TASK DESCRIPTION: Give back every line of the data exactly. Pictures are not part of the copy.

SOURCE DATA:
■ ■ ■

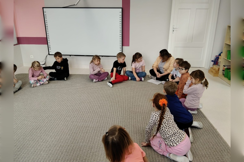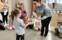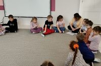 Szczególnym wydarzeniem była wizyta mamy Antosi – Pani Patrycji, która opowiedziała dzieciom o swojej pracy, przybliżając im, na czym polega praca kadrowej. Przygotowała także dla przedszkolaków ciekawe aktywności: łamigłówkę w formie labiryntu, kolorowanki oraz słodką niespodziankę, która sprawiła dzieciom wiele radości.
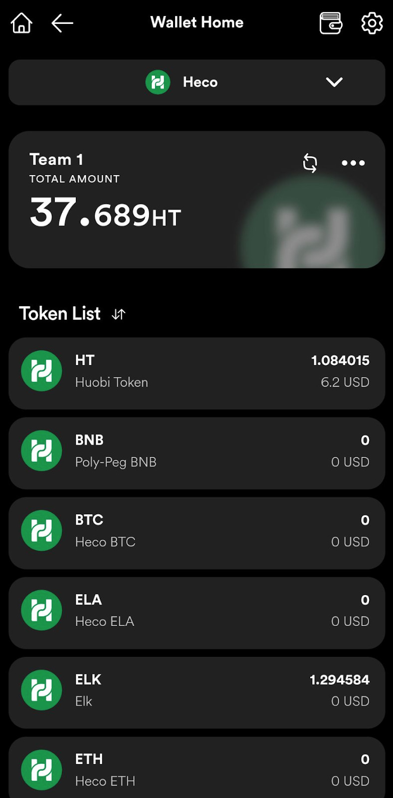 - Active wallet
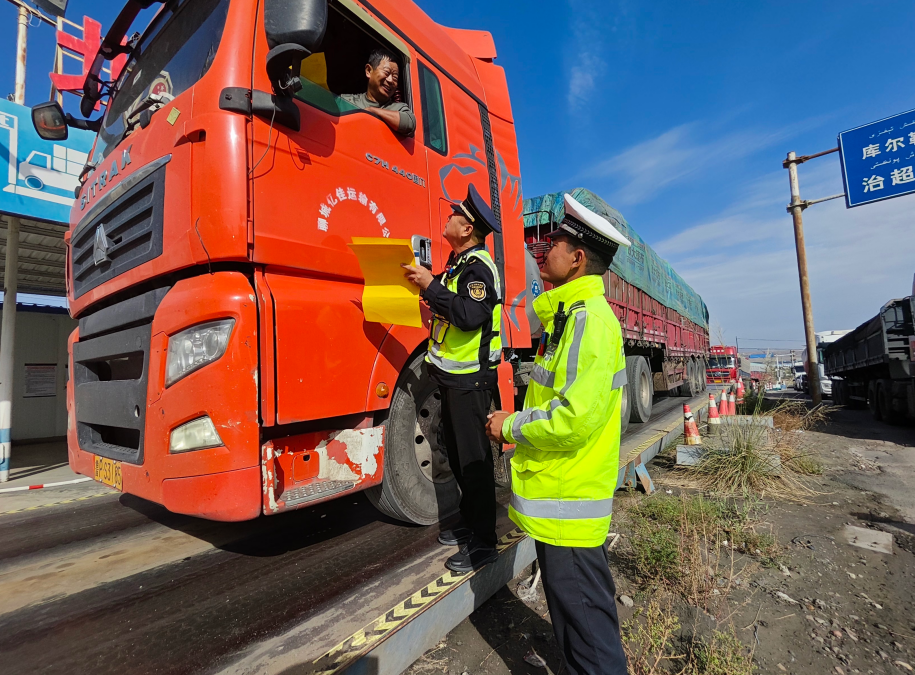 國慶、中秋雙節(jié)將至,為全力營造更加安全、有序、和諧、暢通的交通環(huán)境,9月27日,新疆庫爾勒市公安局交通管理大隊塔什店中隊與巴音郭楞執(zhí)法支隊博湖執(zhí)法大隊,持續(xù)聚焦轄區(qū)G216線高頻次行駛的重點大型貨運車輛、混凝土攪拌運輸車等車輛超速、超員、超載和駕駛?cè)似隈{駛,強化路警聯(lián)勤聯(lián)動機制,通過“定點檢查+流動巡查+精準宣傳”相結(jié)合的方式,強化信息共享、執(zhí)法協(xié)作,為雙節(jié)期間防事故、保安全、保暢通工作打下堅實基礎(chǔ)。

■ ■ ■

TASK ANSWER:
 Szczególnym wydarzeniem była wizyta mamy Antosi – Pani Patrycji, która opowiedziała dzieciom o swojej pracy, przybliżając im, na czym polega praca kadrowej. Przygotowała także dla przedszkolaków ciekawe aktywności: łamigłówkę w formie labiryntu, kolorowanki oraz słodką niespodziankę, która sprawiła dzieciom wiele radości.
 - Active wallet
 國慶、中秋雙節(jié)將至,為全力營造更加安全、有序、和諧、暢通的交通環(huán)境,9月27日,新疆庫爾勒市公安局交通管理大隊塔什店中隊與巴音郭楞執(zhí)法支隊博湖執(zhí)法大隊,持續(xù)聚焦轄區(qū)G216線高頻次行駛的重點大型貨運車輛、混凝土攪拌運輸車等車輛超速、超員、超載和駕駛?cè)似隈{駛,強化路警聯(lián)勤聯(lián)動機制,通過“定點檢查+流動巡查+精準宣傳”相結(jié)合的方式,強化信息共享、執(zhí)法協(xié)作,為雙節(jié)期間防事故、保安全、保暢通工作打下堅實基礎(chǔ)。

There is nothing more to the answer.